Kansas map... Kansas list
Crash location 37.603889°N, 101.373334°W
Nearest city Ulysses, KS
37.581409°N, 101.355170°W
1.8 miles away
Tail number N9076R
Accident date 09 Jul 2007
Aircraft type Cessna A188B
Additional details: None

NTSB Factual Report

On July 9, 2007, approximately 1000 central daylight time, a Cessna A188B single-engine agricultural airplane, N9076R, sustained substantial damage when it impacted terrain following a loss of engine power during initial takeoff climb near Ulysses, Kansas. The commercial pilot, who was the sole occupant, was not injured. The airplane was registered to and operated by Tri Rotor Spray and Chemical, Ulysses, Kansas. Visual meteorological conditions prevailed, and a flight plan was not filed for the Title 14 Code of Federal Regulations Part 137 aerial application flight. The local flight was originating at the time of the accident.

According to the pilot, prior to departure, the airplane was refueled with 18 gallons of fuel and 150 gallons of chemical. Shortly after takeoff, approximately 150 feet above ground level (agl), the engine lost power. The pilot did not hear a bang or pop prior the loss of engine power. The airplane began a descent toward terrain and the pilot dumped the load of chemical. The pilot "rode the buffet and flared above the corn." Subsequently, the airplane impacted the vegetation and came to rest in the field. Examination of the airplane by the operator revealed the right wing was bent and the engine mount structure was partially separated from the firewall.

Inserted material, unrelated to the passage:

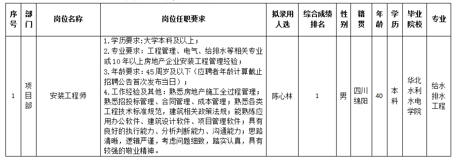 根據(jù)綿陽市綿投置地有限公司發(fā)布的招聘公告及招聘相關規(guī)定,經(jīng)筆試、面試、考察、體檢等程序,擬錄用陳心林同志到綿陽市綿投置地有限公司工作,現(xiàn)予以公示,具體情況如下:

An examination of the airplane by a Federal Aviation Administration airworthiness inspector revealed no fuel was observed in the fuel line from the engine driven fuel pump to the fuel metering valve, and from the metering valve to the fuel injection manifold. The fuel metering valve appeared to operate normally, and no restrictions were noted in the fuel lines or the fuel metering valve. Further inspection of the fuel pump revealed the un-metered fuel adjustment bolt was separated from the diaphragm cover, and a portion of the cover was fractured. The inspector disassembled the pump and no other anomalies were noted. The fuel pump was retained for further examination by the NTSB's Materials Laboratory.

According to the NTSB, examination of the fracture surfaces at the diaphragm cover displayed a clean, rough, grainy surface, consistent with an overload event. One corner of the adjusting screw's locking nut had left an impression in the cap material that was consistent with the adjusting screw being impacted.

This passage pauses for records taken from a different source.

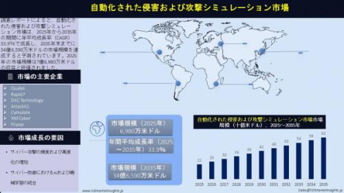 調査レポートによると、自動化された侵害および攻撃シミュレーション市場は、2025年から2035年の期間に年平均成長率(CAGR)33.9%で成長し、2035年末までに34億6,590万米ドルの市場規模を達成すると予測されています。2025年の市場規模は7億6,980万米ドルの収益と評価されました。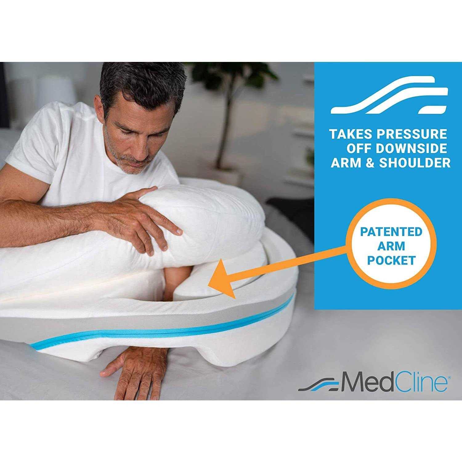 MedCline Shoulder Relief Bed Wedge and Body Pillow System is designed for the ultimate in side-sleeping comfort. Its patented arm pocket allows you to sleep on your side without putting pressure on your downside shoulder and arm. For those feeling the lingering effects of an old sports injury to those suffering with arthritis in the shoulder, MedCline allows you to once again sleep comfortably on your side. Color: One Color.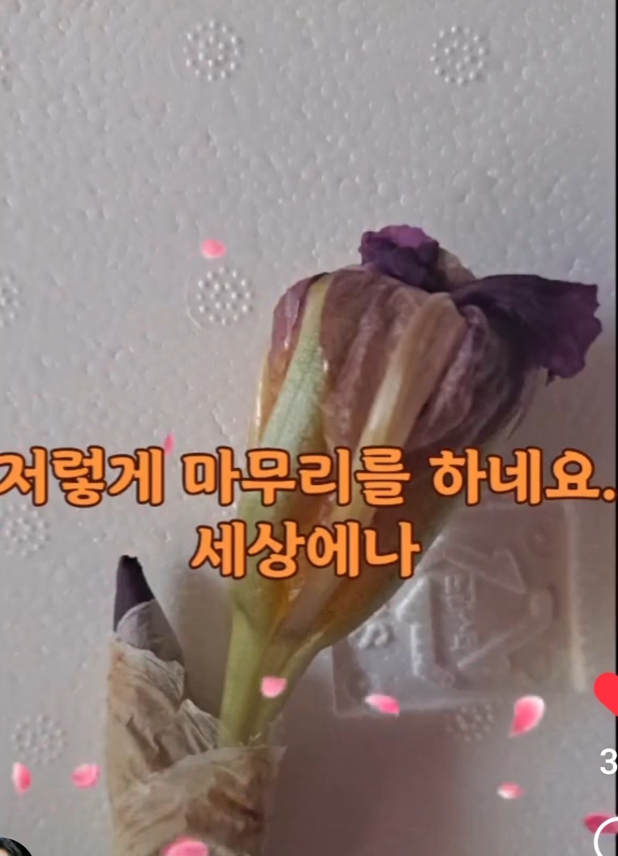 내가 붓꽃을 유독 좋아하는 이유는 그 꽃의 마지막에 있다. 모든 생명이 다 끝이 있다. 그렇게 예쁘던 장미도 시들어가면 이쁘지 않고, 특히나 목련의 마지막은 많은 아쉬움을 남다. 그런데 이 붓꽃은 그렇게 크게 꽃을 피워내도 돌아갈 땐 몸을 다 말아서 정말 깨끗하게 정리한다. 동그란 공깃돌처럼 작아진다. 꽃꽂이를 해보면, 어떤 꽃은 바닥에 꽃가루가 떨어진 아이들, 꽃잎이 낱낱이 시들어 바닥에 떨어진 아이들도 있다.

Examination of the airplane's maintenance records showed the engine driven fuel pump had been removed and repaired on May 24, 2007. The reason for the fuel pump repairs was not noted. The aircraft accumulated 32.4 hours of operation after the fuel pump was repaired.

The reason for the loss of engine power could not be determined.

NTSB Probable Cause

The loss of engine power for undetermined reasons. A contributing factor was the lack of suitable terrain for the forced landing.